(WHAT THE TASK REQUIRES)
Working from the top of the listing below, retype each line through the line containing "透明感のある釉薬が内側でゆる", both included, with no pictures.

(DATASET EXCERPT)
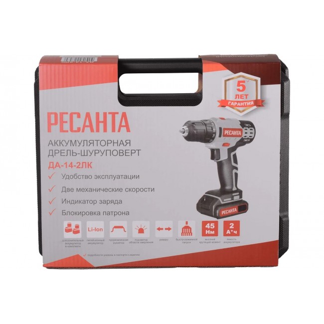 Дрель-шуруповерт аккумуляторная ДА-14-2ЛК Ресанта
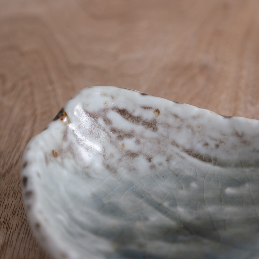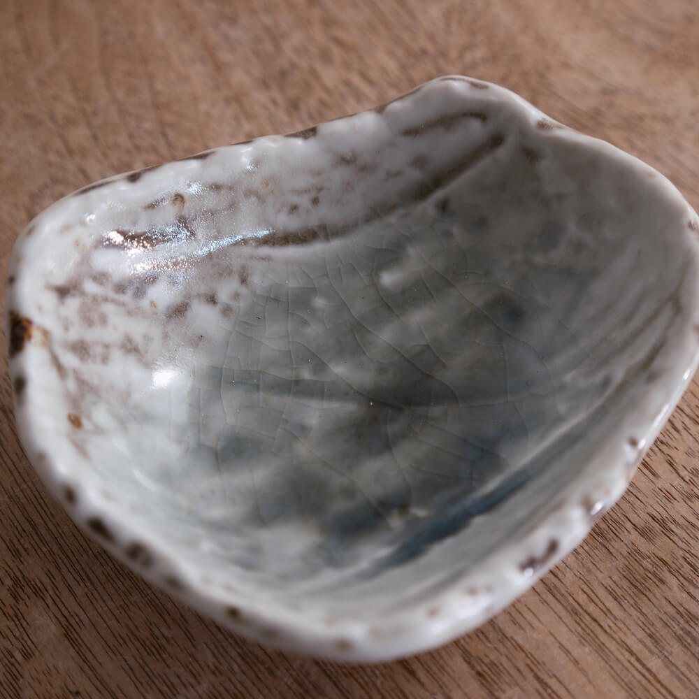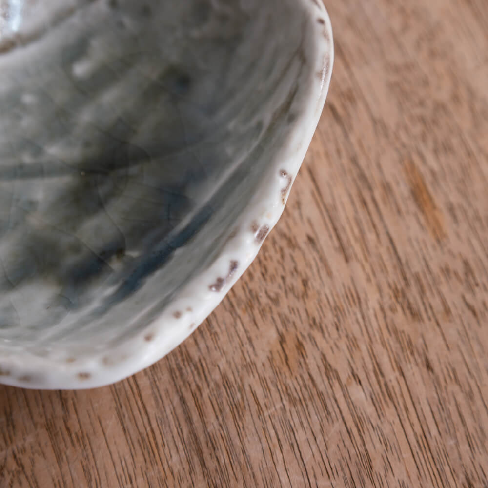 透明感のある釉薬が内側でゆるやかに広がり、青と灰が溶け合うような表情を生みます。光の角度によって淡く揺らぐ色味は、料理にさりげない陰影を添え、素材をやわらかく引き立てます。
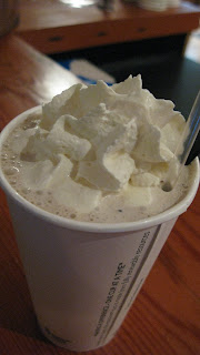 The first thing I noticed as we drove by looking for parking was just how bright the shop was on the dark street and how busy they obviously were inside. As we walked up to the door, it became increasingly clear we weren't the only ones needing an ice cream break before the new week really starts. On a summer night, the line at Molly Moon's wraps around the street corner. This is one reason I've never been there before. On this frigid Sunday night, the line was contained, but a seat was still hard to come by. I couldn't choose just one flavor and couldn't have all eight I wanted to try, so I settled on Salted Caramel and Mint Fudge. B's a milkshake guy, so he went with the Vivace Coffee Milkshake.
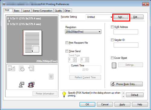The print settings are registered as a favorite. You can select the favorite settings from the [Favorite Setting] list when sending the fax.

(RESULT FOR THIS TASK)
 Дрель-шуруповерт аккумуляторная ДА-14-2ЛК Ресанта
 透明感のある釉薬が内側でゆるやかに広がり、青と灰が溶け合うような表情を生みます。光の角度によって淡く揺らぐ色味は、料理にさりげない陰影を添え、素材をやわらかく引き立てます。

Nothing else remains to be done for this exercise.